Effect of Namenda on Short Term Memory and Attention in Patients With Mild to Moderate Traumatic Brain Injury

This study has been terminated.
(The study was stopped due to a lack of additional subjects.)
Sponsor:
Collaborator:
Forest Laboratories
Information provided by (Responsible Party):
Jon Rupright, University of Missouri-Columbia
ClinicalTrials.gov Identifier:
NCT00462228
First received: April 10, 2007
Last updated: October 24, 2013
Last verified: October 2013
  Purpose

The purpose of this study is to determine whether memantine (Namenda) improves memory and attention in patients with mild to moderate traumatic brain injury.


Condition Intervention Phase
Traumatic Brain Injury
Drug: memantine
Drug: placebo
Phase 4

Study Type: Interventional
Study Design: Allocation: Randomized
Endpoint Classification: Efficacy Study
Intervention Model: Crossover Assignment
Masking: Double Blind (Subject, Investigator, Outcomes Assessor)
Primary Purpose: Treatment
Official Title: Double-blind Cross-over Study of the Effect of Namenda on Short Term Memory and Attention in Patients With Mild to Moderate Traumatic Brain Injury, Protocol NAM-MD-44

Resource links provided by NLM:


Further study details as provided by University of Missouri-Columbia:

Primary Outcome Measures:
  • Improvements From Baseline Scores After 6 and 12 Weeks of Memantine Compared to Placebo on the Hopkins Verbal Learning Test Revised (HVLT-R) Total Recall Learning Scores. [ Time Frame: Baseline, 6 weeks, and 12 weeks after beginning memantine or placebo ] [ Designated as safety issue: No ]

    HVLT-R Learning Scores provide a brief assessment of immediate recall, delayed recall and delayed recognition.
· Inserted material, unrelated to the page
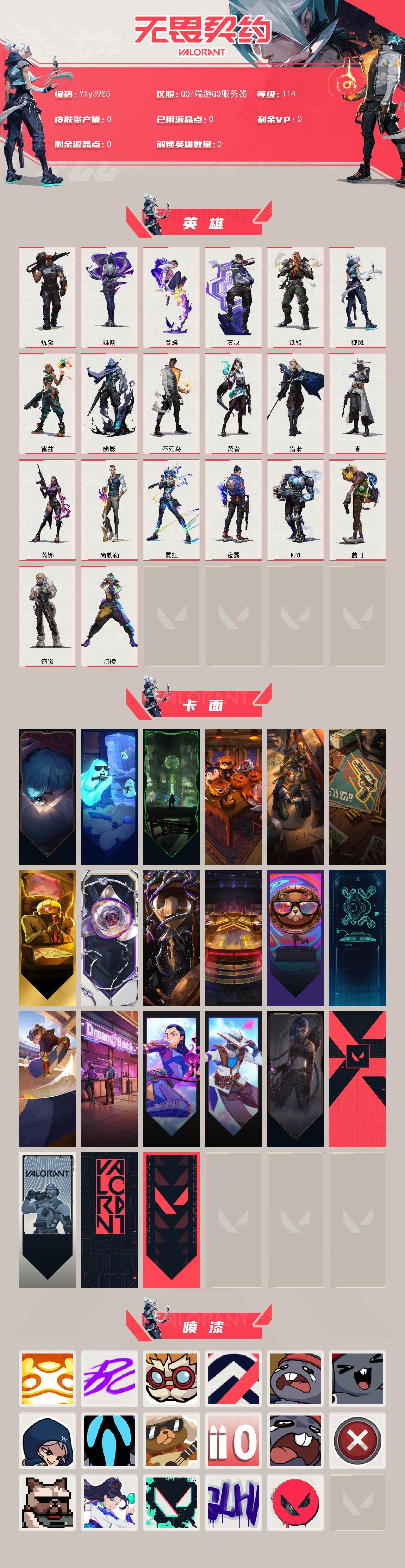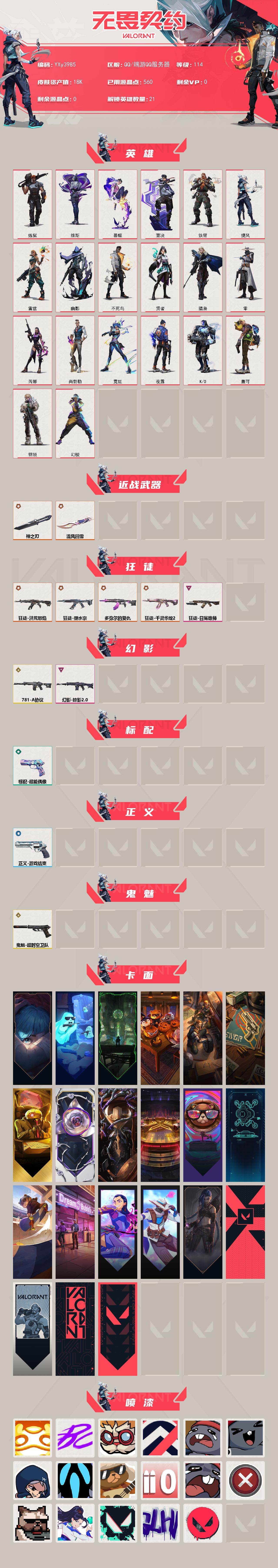 【1.8w库存神之刃.莲花扇.五狂徒双幻影流脓.塑水宗.多弥尔.莲花.狮子.781协议.掠夺2.0.超时空鬼魅】yxy3985【无二次】【因赛季更新游戏段付以上号为准!】 【英雄】:幻棱,炼狱,维斯,暮蝶,壹决,铁臂,捷风,雷兹,幽影,不死鸟,贤者,猎枭,零,芮娜,尚勃勒,霓虹,夜露,k/o,盖可,钢锁 【近战武器】:近战武器-流风回雪,近战武器-神之刃 【狂徒】:狂徒-洪荒怒焰,狂徒-塑水宗,狂徒-多弥尔的复仇,狂徒-千灵华绽//2.0,狂徒-日冕雄师 【幻影】:幻影-781-a协议,幻影-掠影//2.0 【标配】:标配-超能偶像 【正义】:正义-游戏结束 【鬼魅】:鬼魅-超时空卫队 【卡面】:《双城之战》拥抱 卡面,精灵大战 卡面,欢迎来到底城 卡面,南瓜盛典 卡面,修车达人 卡面,正义的化身 卡面,终章:生意人麦宝 卡面,铁之华 卡面,时间到 卡面,最高舞台 卡面,音熊登场 卡面,声感陷阱设计图 卡面,clutch 卡面,梦幻奶茶 卡面,无畏契约go!第一卷:芮娜 卡面,无畏契约go!第一卷:零 卡面,《双城之战》金克丝 卡面,代号红色 卡面,新兵报到 卡面,v契约 卡面,无畏契约 卡面 【喷漆】:嗨宝南瓜灯 喷漆,嘭! 喷漆,都算到了 喷漆,控场勿近 喷漆,熊抱 喷漆,超级粉丝 喷漆,捷风差距 喷漆,惊声尖叫 喷漆,战术熊的巴拉莱卡琴 喷漆,拼一呛 喷漆,我的刀呢? 喷漆,买装还是存钱 喷漆,关门放狗 喷漆,无畏契约go!第一卷:贤者 喷漆,胜利属于无畏契约 喷漆,glhf 喷漆,无畏契约 喷漆 【挂饰】:悠闲鸡块 挂饰,伞绳 挂饰,《双城之战》小蛋糕 挂饰,第九季//第三幕 纪念币 挂饰,无畏契约go!第一卷 芮娜 挂饰,无畏契约go!第一卷 零 挂饰,熔岩灯 挂饰,第九季//第二幕 纪念币 挂饰,终章:这瓜保熟 挂饰,糖葫芦 挂饰,袖珍捷风 挂饰,丢麦 挂饰,迷你浓缩 挂饰,尤克里里 挂饰,第九季//第一幕 纪念币 挂饰,天外飞客 挂饰,《双城之战》魄罗 挂饰,海豹的认可 挂饰,无畏契约 纪念币 挂饰

It is administered by reading the words aloud, then asking the client to verbally repeat the list of words (immediately; then after a delay), and identify the words from a word list that is presented verbally.

    The HVLT-R is easy to administer and score, and is well-tolerated by even significantly-impaired individuals. Tasks include three learning trials, which, when combined produce a total recall score; a delayed recall (25-30 minute delay) trial, and a yes/no delayed recognition trial. Raw scores are derived for Total Recall, Delayed Recall, Retention (percent retained) and a Recognition Discrimination Index.

    These results are for the HVLT-R total recall raw learning score. The HVLT-R total recall raw learning score ranges from 0 to 36 with 36 being the highest and best possible score.


  • Improvements From Baseline Scores After 6 and 12 Weeks of Memantine Compared to Placebo on the Hopkins Verbal Learning Test Revised (HVLT-R) Delayed Recall Scores. [ Time Frame: Baseline, 6 weeks, and 12 weeks after beginning memantine or placebo ] [ Designated as safety issue: No ]

    HVLT-R Learning Scores provide a brief assessment of immediate recall, delayed recall and delayed recognition. It is administered by reading the words aloud, then asking the client to verbally repeat the list of words (immediately; then after a delay), and identify the words from a word list that is presented verbally.

    The HVLT-R is easy to administer and score, and is well-tolerated by even significantly-impaired individuals. Tasks include three learning trials, which, when combined produce a total recall raw score; a delayed recall (25-30 minute delay) trial, and a yes/no delayed recognition trial. Raw scores are derived for Total Recall, Delayed Recall, Retention (percent retained) and a Recognition Discrimination Index.

    These scores are for the delayed recall learning raw score. The HVLT-R delayed recall raw score ranges from 0 to 12 with 12 being the highest and best possible score.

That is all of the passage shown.